Pssst. Do you like free stuff? Silly question. Of course you do. How about super-top-secret information? Then I have a deal for you! Click on the link below and get a short story that takes place between this book – Unsightly Bulges, and the next book – Caught in the Crotchfire. The only way you can get this super-top-secret, super-fun story is by signing up for my newsletter (I solemnly swear not to sell your address to anyone else ((I don’t know how to do that)), never to harass you or send you forwards that say you’re going to get hit by a bus if you don’t send it on. I’ll just give you updates on new releases, other book news, excerpts from time to time, and the occasional link to a funny cat video.
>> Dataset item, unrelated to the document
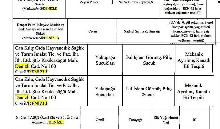 Tarım ve Orman Bakanlığı tarafından açıklanan taklit veya tağşiş yaptığı belirlenen firmalar listesinde Denizli’den 6 firma yer aldı. Listede yer alan Selim Erdoğan Alkollü Alkolsüz İçecekler Sanayi ve Ticaret Anonim Şirketine ait “Biricik Ice Shot” marka şarap bazlı içkide dışardan etil alkol ilavesi; Denpet Petrol Kimyevi Madde ve Gıda Sanayi ve Ticaret Limited Şirketine ait “Zeytin Pınarı” marka natürel sızma zeytinyağında daha düşük kaliteli zeytinyağı, trans yağ asitleri ve tohum yağlarının tespiti ile yine aynı firmaya ait “Civan” marka natürel sızma zeytinyağında tohum yağlarının tespiti; Can Kılıç Gıda Hayvancılık Sağlık ve Tarım İmalat Ticaret Şirketine ait “Yakupağa Sucukları” markalı 2 ayrı üründe mekanik ayrılmış kanatlı eti tespiti; Nilüfer Taşçı Öznil Süt ve Süt Ürünlerine ait “Öznil” marka tereyağında süt yağı harici yağ tespiti; Hasan Deligöz Süt Ürünleri ve Zeytin Ticaretine ait “Den – Pey” marka taze peynirde nişasta tespiti ve Süleyman Topalak Süt Ürünlerine ait süzme yoğurtta ise süt yağı harici yağ tespiti yapıldı.

Sound good? Click here and start reading Get the Dale Outta Here (but not until you finish reading Unsightly Bulges, or else there will be SPOILERS. And nobody wants that).
www.FreeBooksFromKim.com
One
My friend and mentor, Les, is fond of telling me that I have to be careful what I pray for. “God just might give it to you,” he says. Always with one eyebrow raised, like who knew what horrific pandemonium would inevitably ensue if God gave me exactly what I requested for a change. His ways were above my ways and all that.
But I didn’t think even a God who works in mysterious ways would send a dead body to fulfill my request that he help me stick to my diet.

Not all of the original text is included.